Nick Shulman responded:  2021-04-09
If Skyline is extracting chromatograms from both MS1 and MS2 spectra, then the chromatograms for precursor transitions will be extracted from the MS1 scans.

One way to tell Skyline to extract precursor chromatograms from the MS2 scans instead would be to go to:
Settings > Transition Settings > Full Scan
and change "MS1 filtering isotope peaks included" to "None".

If instead you want Skyline to extract precursor chromatograms from both MS1 and MS2, then you have to trick Skyline into thinking that you have another transition in your document whose mass is the same as the precursor, but which needs to be extracted from MS2 spectra. The way to do that is to tell Skyline that you have a neutral loss whose monoisotopic and average mass is .0001. (Neutral losses are not allowed to have a mass of zero, so you have to make it .0001).

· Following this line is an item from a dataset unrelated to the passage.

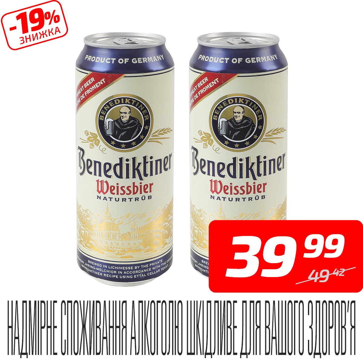 Пиво «Weissbier» світле нефільтроване, 5,4%, ж/б, ТМ «Benediktiner», 0,5 л

I can't find good web page with information about how to define neutral losses in Skyline, particularly loss-only modifications. You should go to:
Settings > Peptide Settings > Modifications
and define a modification which is going to apply to every peptide in your document (probably by saying that it applies to any C-terminal amino acid) and then use the "Loss >>" button to add a neutral loss with a mass of .0001.

I would recommend using Skyline-Daily instead of Skyline 20.2 if you want to use loss-only modifications. In Skyline 20.2, it was not possible to have a loss-only modification on a peptide that had any explicit modifications, but we have fixed that in the most recent Skyline-Daily.
-- Nick
 
bseale responded:  2021-04-09
Interesting! I see how it's all laid out now. Thank you for the help, I believe I've got what I need.